*** Opening SOURCE MATERIAL ***

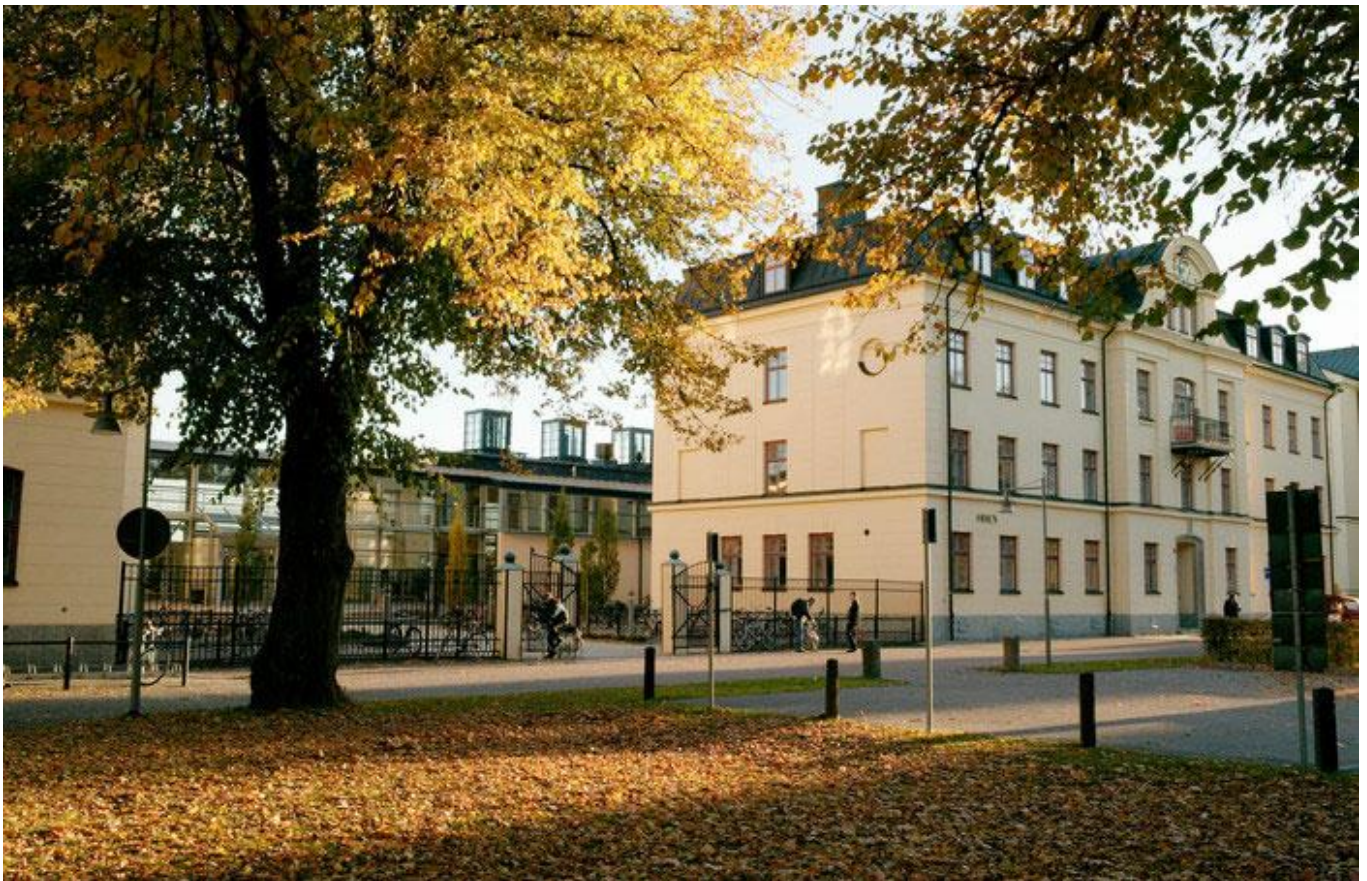
Main entrance of Högskolan i Gävle

The ATC4 will be hosted by University of Gävle ( Högskolan i Gävle ), located at the city of Gävle, in Sweden. Founded in 1977, the university is placed at rebuilt facilities previously occupied by an infantry regiment of Swedish army. The university was environmentally certified according to ISO 14001, has approximately 16,000 students, and offers courses in the fields of Humanities, Social Sciences, Natural Sciences, and Technology.
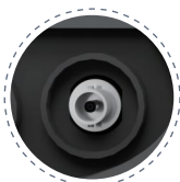
8 pins, for DO probe
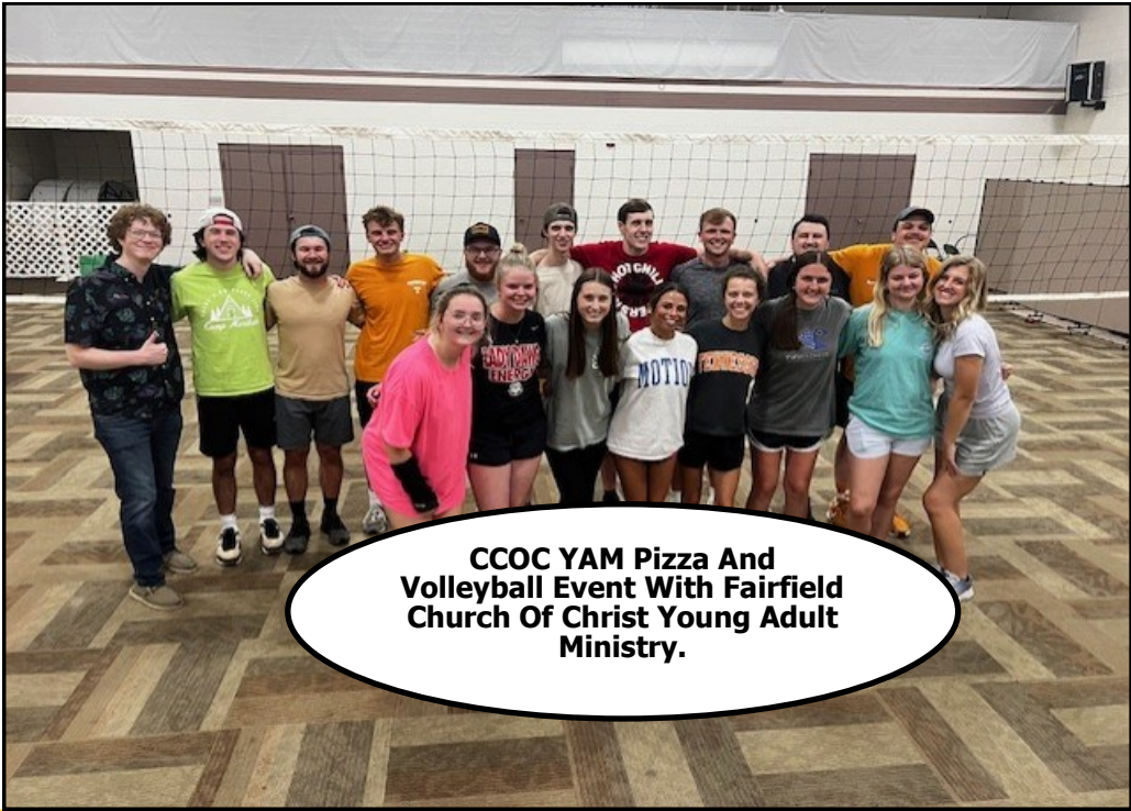
CCOC YAM Pizza And Volleyball Event With Fairfield Church Of Christ Young Adult Ministry.
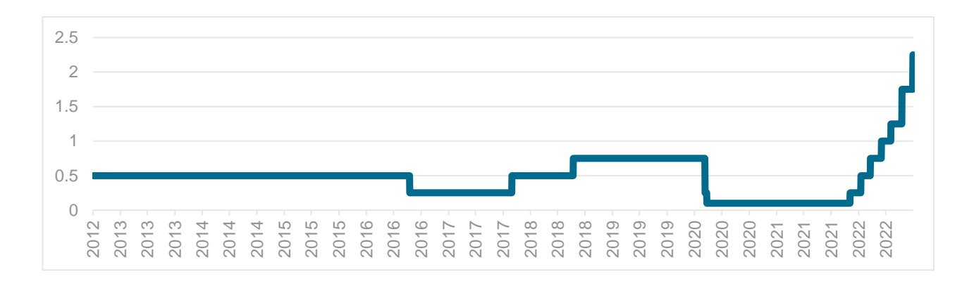
Exhibit 7 Bank of England base interest rate since 2012
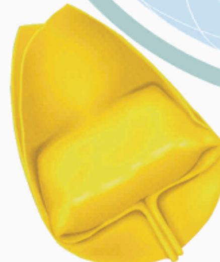
T 59 TA
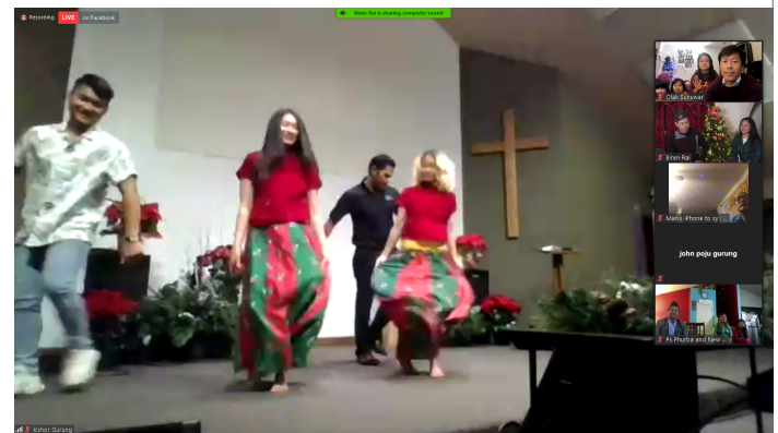
Minnesota Nepali Church performing Christmas Dance

*** Closing SOURCE MATERIAL ***

→ WHAT IS NEEDED
Please output the material as written, apart from the images.

→ OUTPUT OF THE EXERCISE
Main entrance of Högskolan i Gävle

The ATC4 will be hosted by University of Gävle ( Högskolan i Gävle ), located at the city of Gävle, in Sweden. Founded in 1977, the university is placed at rebuilt facilities previously occupied by an infantry regiment of Swedish army. The university was environmentally certified according to ISO 14001, has approximately 16,000 students, and offers courses in the fields of Humanities, Social Sciences, Natural Sciences, and Technology.
8 pins, for DO probe
CCOC YAM Pizza And Volleyball Event With Fairfield Church Of Christ Young Adult Ministry.
Exhibit 7 Bank of England base interest rate since 2012
T 59 TA
Minnesota Nepali Church performing Christmas Dance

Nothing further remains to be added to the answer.